TASK BRIEF:
The answer must be every line of the data that holds the word "water".
ENTRIES SUPPLIED section start
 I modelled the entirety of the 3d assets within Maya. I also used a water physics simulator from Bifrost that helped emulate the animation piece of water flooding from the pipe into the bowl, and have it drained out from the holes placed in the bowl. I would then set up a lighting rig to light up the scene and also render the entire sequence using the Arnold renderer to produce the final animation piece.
ENTRIES SUPPLIED section end
ENTRIES SUPPLIED section start
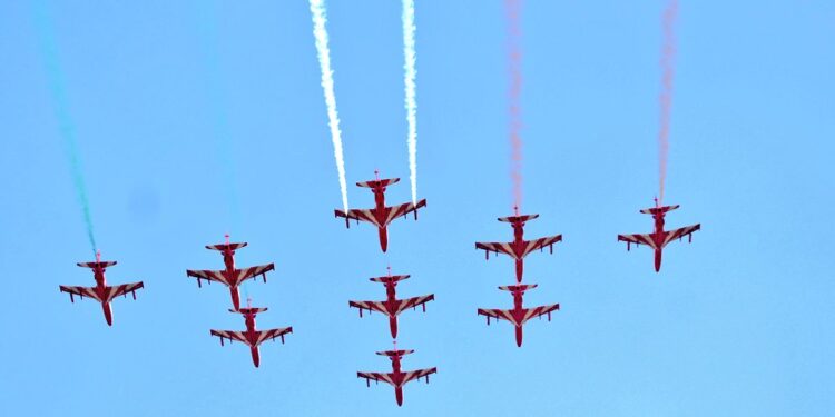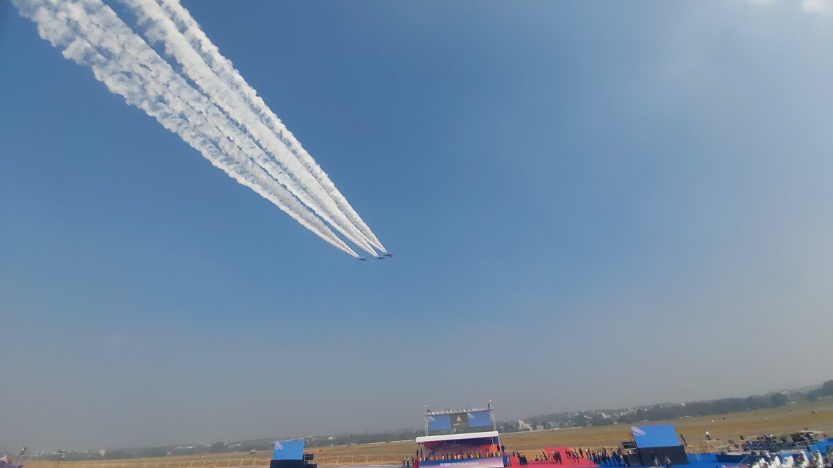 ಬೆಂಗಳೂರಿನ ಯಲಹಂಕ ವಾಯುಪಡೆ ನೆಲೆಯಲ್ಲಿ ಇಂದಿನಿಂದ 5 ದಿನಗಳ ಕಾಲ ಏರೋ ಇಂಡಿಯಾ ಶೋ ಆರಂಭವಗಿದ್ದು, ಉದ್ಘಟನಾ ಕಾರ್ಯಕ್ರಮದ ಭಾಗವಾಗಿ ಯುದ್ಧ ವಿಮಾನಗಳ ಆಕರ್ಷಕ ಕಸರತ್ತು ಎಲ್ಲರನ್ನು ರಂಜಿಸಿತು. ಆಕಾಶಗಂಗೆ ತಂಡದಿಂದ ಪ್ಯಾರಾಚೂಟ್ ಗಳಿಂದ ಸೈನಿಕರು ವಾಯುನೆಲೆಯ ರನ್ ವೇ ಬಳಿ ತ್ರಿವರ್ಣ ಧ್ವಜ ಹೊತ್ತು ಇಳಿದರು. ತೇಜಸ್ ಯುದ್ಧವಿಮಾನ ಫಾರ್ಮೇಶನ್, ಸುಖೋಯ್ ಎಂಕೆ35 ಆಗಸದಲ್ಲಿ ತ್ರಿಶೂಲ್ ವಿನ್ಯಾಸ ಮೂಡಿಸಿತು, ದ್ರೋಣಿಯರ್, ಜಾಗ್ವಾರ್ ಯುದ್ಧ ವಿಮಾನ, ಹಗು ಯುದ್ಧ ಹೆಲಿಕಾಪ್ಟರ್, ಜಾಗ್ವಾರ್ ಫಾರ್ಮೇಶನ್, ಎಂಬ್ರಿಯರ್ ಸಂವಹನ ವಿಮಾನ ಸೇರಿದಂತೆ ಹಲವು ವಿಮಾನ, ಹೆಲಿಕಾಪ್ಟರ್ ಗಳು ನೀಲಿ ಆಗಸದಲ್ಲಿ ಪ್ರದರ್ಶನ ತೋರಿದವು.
ENTRIES SUPPLIED section end
ENTRIES SUPPLIED section start
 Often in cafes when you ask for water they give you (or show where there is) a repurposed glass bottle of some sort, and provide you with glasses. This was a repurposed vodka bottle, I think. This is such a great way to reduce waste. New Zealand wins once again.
ENTRIES SUPPLIED section end
RESULT OF THIS EXERCISE:
 I modelled the entirety of the 3d assets within Maya. I also used a water physics simulator from Bifrost that helped emulate the animation piece of water flooding from the pipe into the bowl, and have it drained out from the holes placed in the bowl. I would then set up a lighting rig to light up the scene and also render the entire sequence using the Arnold renderer to produce the final animation piece.
 Often in cafes when you ask for water they give you (or show where there is) a repurposed glass bottle of some sort, and provide you with glasses. This was a repurposed vodka bottle, I think. This is such a great way to reduce waste. New Zealand wins once again.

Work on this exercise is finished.